#### What to produce:
For this exercise, the lines from the one with "お昼ごはん、アイスクリームだけだったので、 お腹がすいて、5時には夕食食べちゃった! パスタとパニーニを食べたんだけど、" through the final line of the data below are to be transcribed exactly, and pictures are to be skipped.

#### Given material:
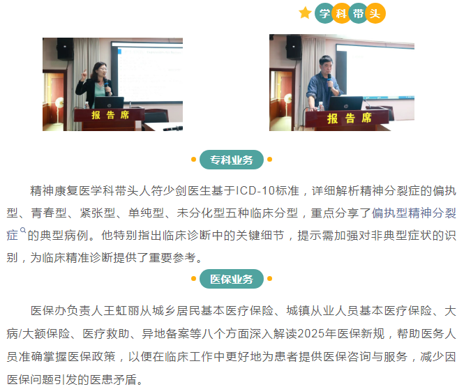 12月9日下午,海南省平山医院在综合楼六楼会议室召开全院医务人员常态化业务学习会。本次会议聚焦临床专业能力提升与国际化服务准备,邀请心理科负责人苏朝霞教授、精神科符少剑医生、医保办负责人王虹丽分别围绕《医院常用英语》《精神分裂症分型与病例分享》《关于基本医疗保险的管理规定》三大主题授课,为全院医务人员带来一场多维度、深层次的专业盛宴。
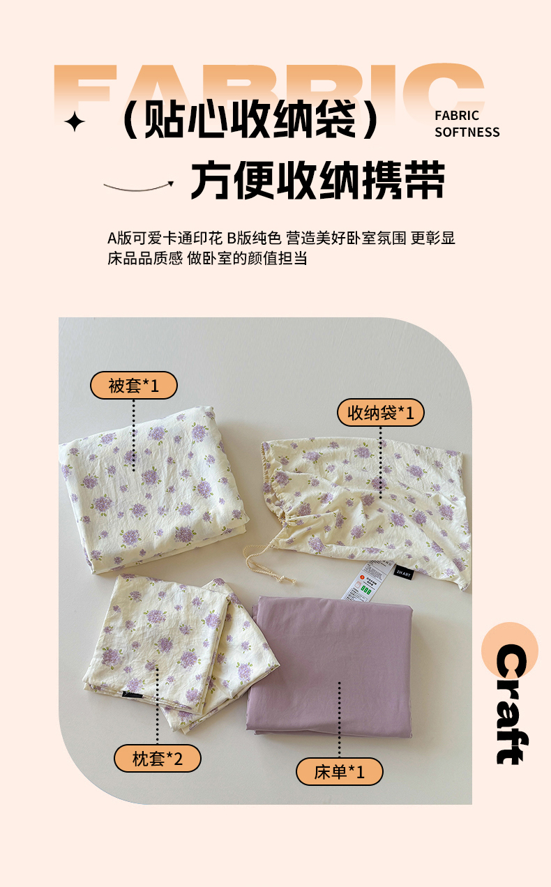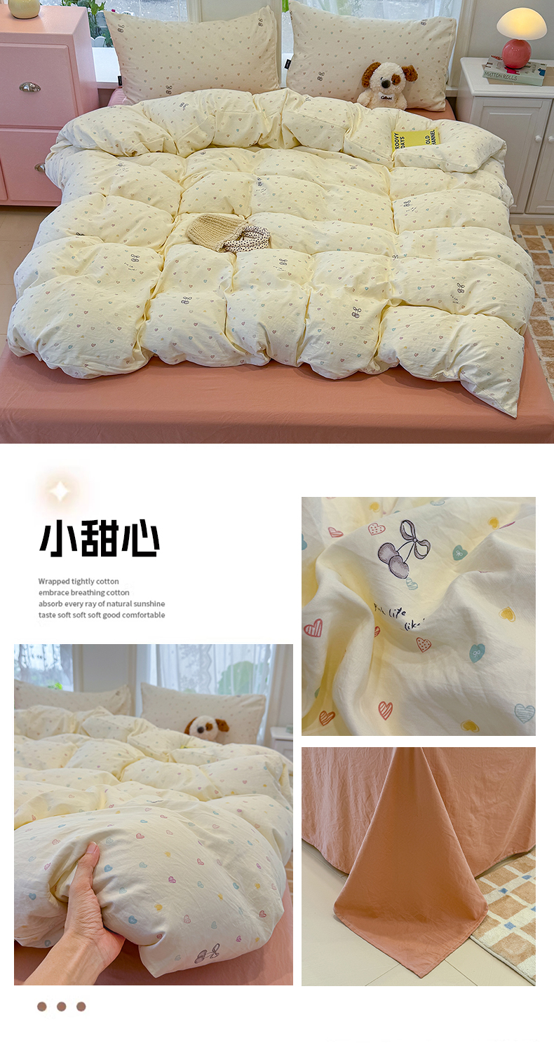 (总)竹合家纺 2026新款春款A类古法水洗仿棉云感棉小布袋四件套,阳光花园,蜜恋樱桃,夏日初恋,KT小鱼,格子小熊,卡吉米,云谣,童趣,花园小免,波点气球,小幸福,礼物狗狗,甜心小狗,兰枝玉树,千野合,星星蓝格,蓝岛风铃,靜听花开,山月铃兰,晚樱落落,七彩波点免,伊水芙蓉,郁金香园,蝴蝶结粉,半页诗,吉米兔紫,拘狗乐园,山樱漫岛,牟溪明月,花枝,樱川桃井,灰条樱桃,小伙伴
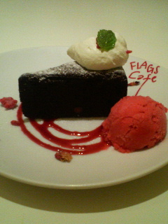 お昼ごはん、アイスクリームだけだったので、 お腹がすいて、5時には夕食食べちゃった! パスタとパニーニを食べたんだけど、 まだ足りなくて、 デザート頼んだよ☆ ケーキにまたまたアイスクリーム! ガトーショコラと木苺のソルベです☆
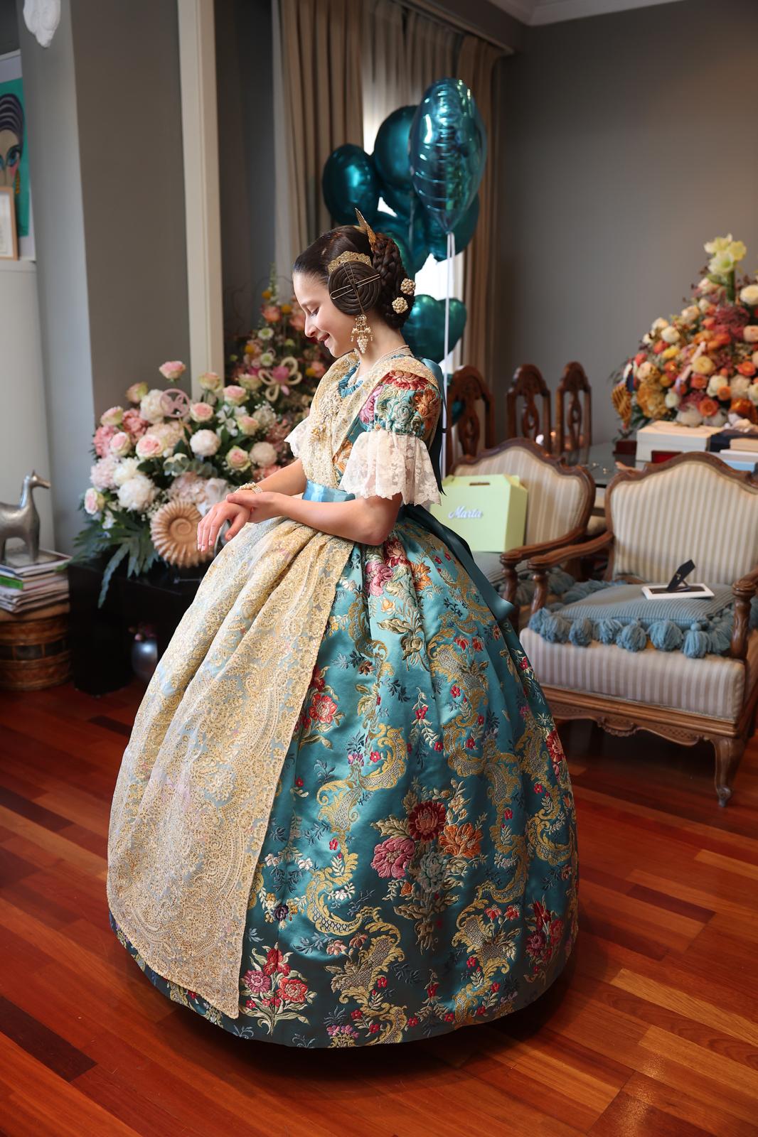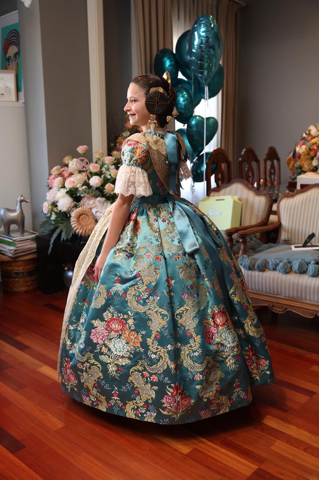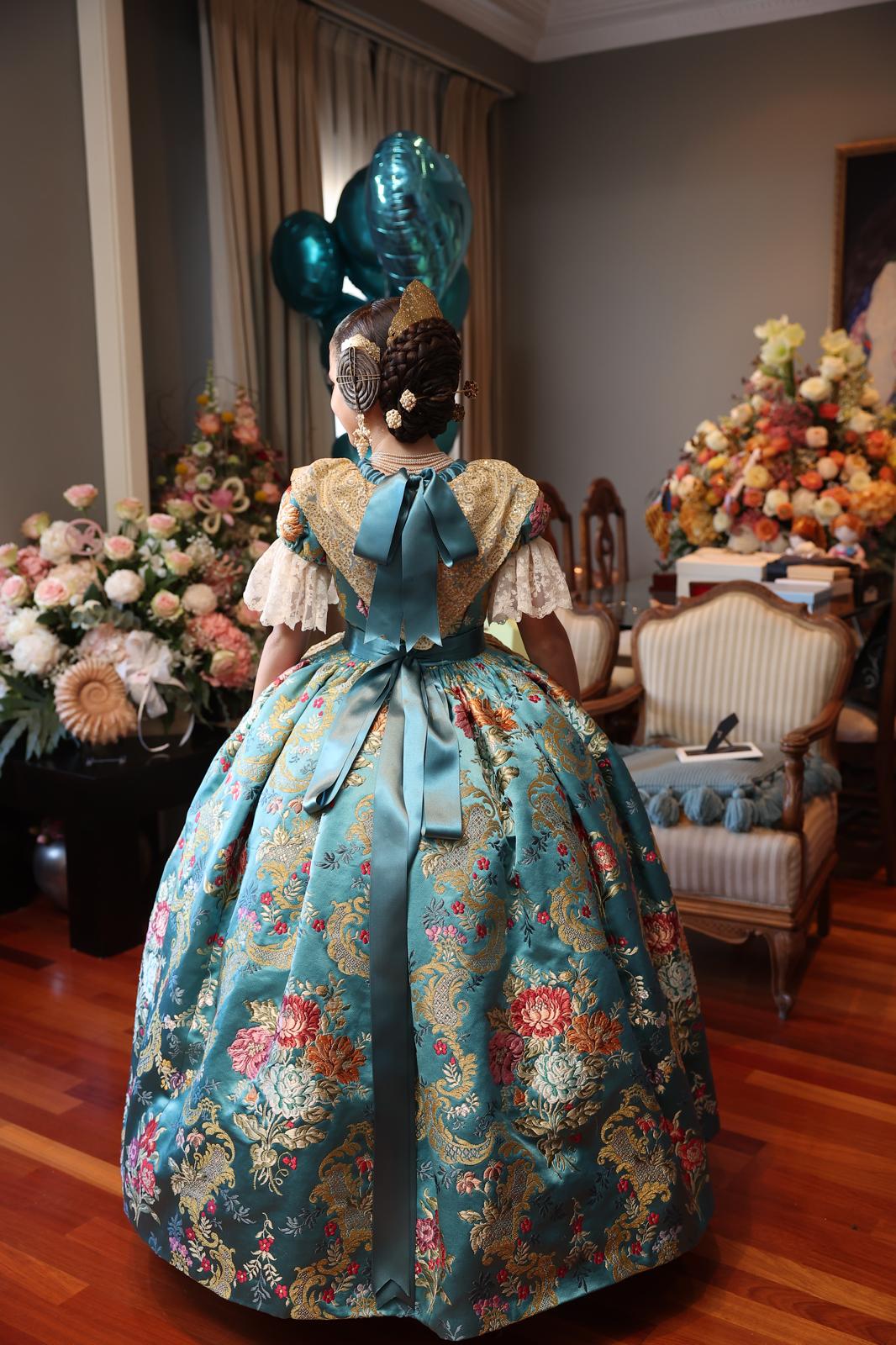 El tono azul cristalino ha sido escogido por su fuerte carga simbólica, ya que representa pureza, frescura y luminosidad, cualidades que reflejan a la perfección la esencia de Marta Mercader como fallera mayor infantil de València 2026. Inspirado en el azul cristalino del inicio del día, este matiz natural de urdimbre transmite alegría y serenidad, integrándose con elegancia en el conjunto floral del tejido.

#### Solution below:
 お昼ごはん、アイスクリームだけだったので、 お腹がすいて、5時には夕食食べちゃった! パスタとパニーニを食べたんだけど、 まだ足りなくて、 デザート頼んだよ☆ ケーキにまたまたアイスクリーム! ガトーショコラと木苺のソルベです☆
 El tono azul cristalino ha sido escogido por su fuerte carga simbólica, ya que representa pureza, frescura y luminosidad, cualidades que reflejan a la perfección la esencia de Marta Mercader como fallera mayor infantil de València 2026. Inspirado en el azul cristalino del inicio del día, este matiz natural de urdimbre transmite alegría y serenidad, integrándose con elegancia en el conjunto floral del tejido.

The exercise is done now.